*HOW TO COMPLETE THIS TASK*. Reproduce exactly, and solely, the lines running from the top of the data below through the line with "截至9月末,深圳市制造业贷款", both inclusive. Omit pictures.
------ SUPPLIED DATA
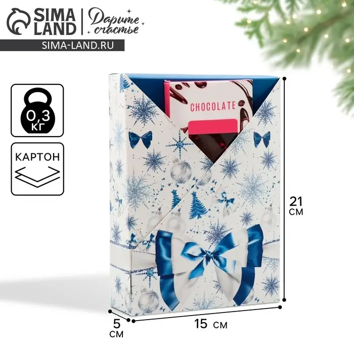 Коробка подарочная новогодняя складная «Новогодний бант», 21х 15 х 5 см
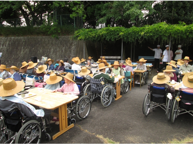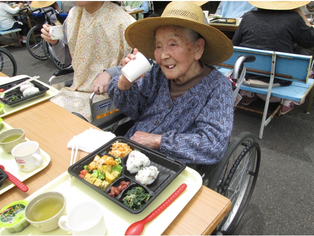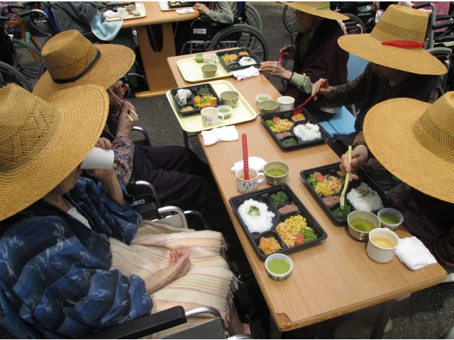 5月度の行事として、去る14日(水)の昼食時に大府苑中庭にて、爽やかな陽気に包まれながら屋外での食事を楽しみました!
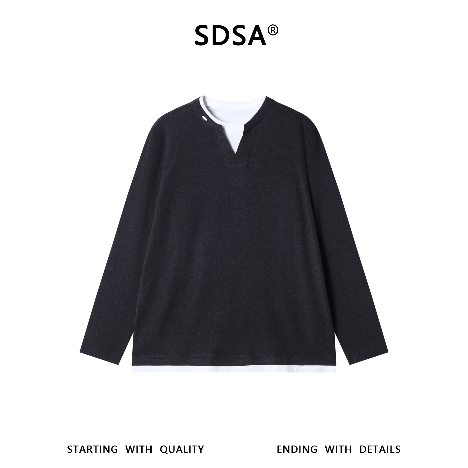 88171SDSA男装2026新款高贵轻奢潮牌时尚撞色假两件圆领长袖T恤百搭潮
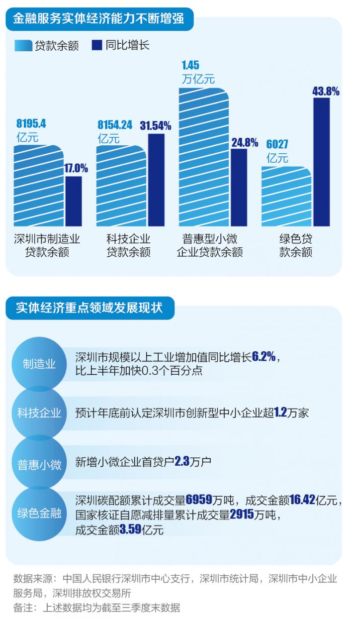 截至9月末,深圳市制造业贷款余额8195.4亿元,同比增长17.0%,高于各项贷款增速6.8个百分点。科技企业贷款余额8154.24亿元,同比增长31.54%。普惠小微贷款余额1.45万亿元,同比增长24.8%,高于各项贷款增速14.6个百分点。
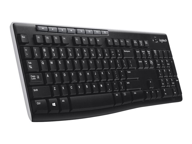 Produktbeskrivning Logitech Wireless Keyboard K270 - tangentbord - Nordisk Inmatningsenhet Typ av enhet Tangentbord Gränssnitt 2.4 GHz Trådlös mottagare Trådlös USB-mottagare Anslutningsteknik Trådlös Lokalisering och layout Nordisk Antal snabbtangenter 8 Snabbtangentsfunktion Internetsökning, e-post, volym, spela upp(paus Egenskaper Logitech Unifying-mottagare, spillresistent Microsoft-certifiering Compatible with Windows 7 -
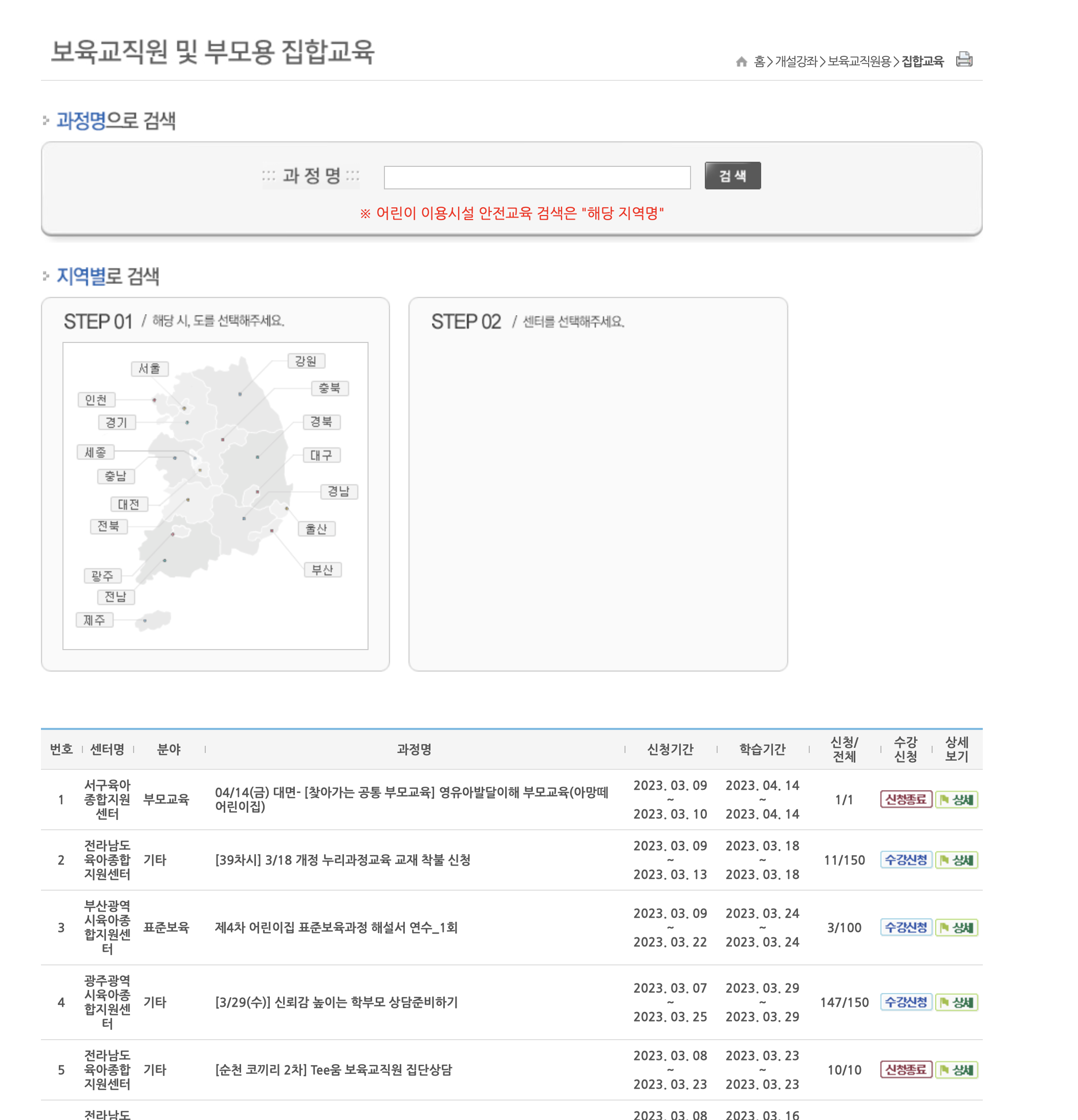 과정명, 지역별로 검색하세요.
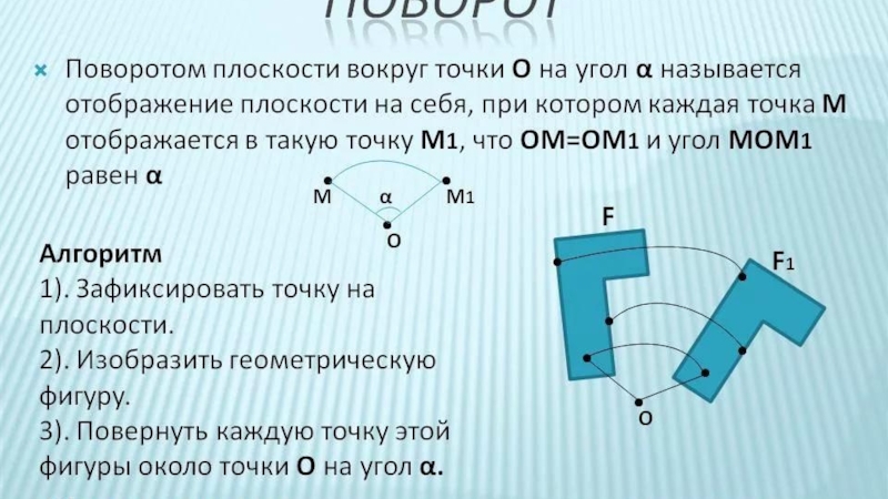 ПоворотПоворот- движение, то есть отображением плоскости на себя,сохраняющим расстояния.
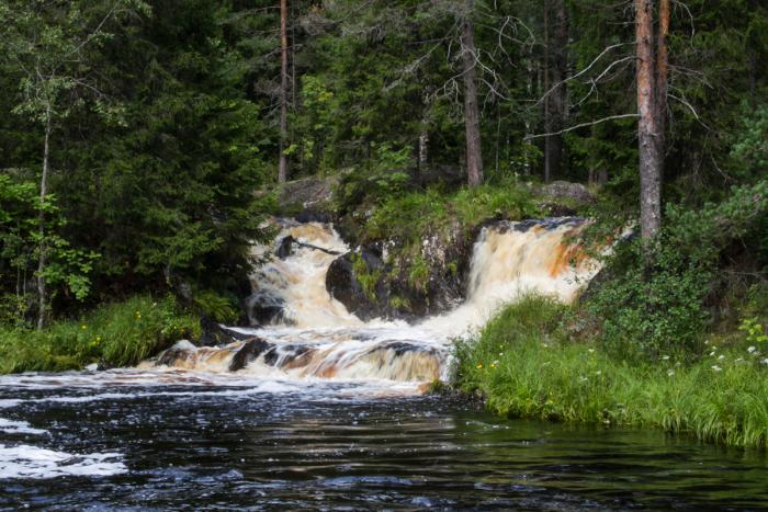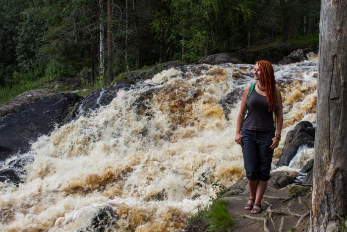Починились и побежали догонять упущенное время, на водопаде Ахинкоски догнали Александра и, наконец-то, познакомились лично, а заодно и с очаровательной Юлией и моим юным тезкой – Антоном. Семейство такое в Джимника не влезает, поэтому узнал я Александра по правильному мостовому Патролу.
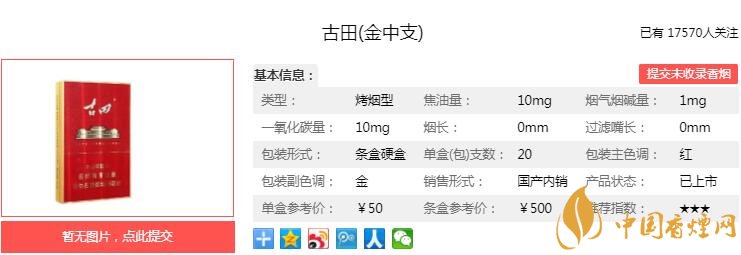 古田金中支煙支長(zhǎng)84mm,過濾嘴長(zhǎng)25mm,定位在中支煙品類。捏一捏煙支,煙絲填充飽滿,切口整齊,仔細(xì)觀察并沒有發(fā)現(xiàn)降焦孔。下面我們一起來看古田金中支的參數(shù)信息:焦油量:10mg 煙堿量:1.0mg 一氧化碳量:10mg
------------
*SOLUTION FOR THIS PROBLEM*.
 Коробка подарочная новогодняя складная «Новогодний бант», 21х 15 х 5 см
 5月度の行事として、去る14日(水)の昼食時に大府苑中庭にて、爽やかな陽気に包まれながら屋外での食事を楽しみました!
 88171SDSA男装2026新款高贵轻奢潮牌时尚撞色假两件圆领长袖T恤百搭潮
 截至9月末,深圳市制造业贷款余额8195.4亿元,同比增长17.0%,高于各项贷款增速6.8个百分点。科技企业贷款余额8154.24亿元,同比增长31.54%。普惠小微贷款余额1.45万亿元,同比增长24.8%,高于各项贷款增速14.6个百分点。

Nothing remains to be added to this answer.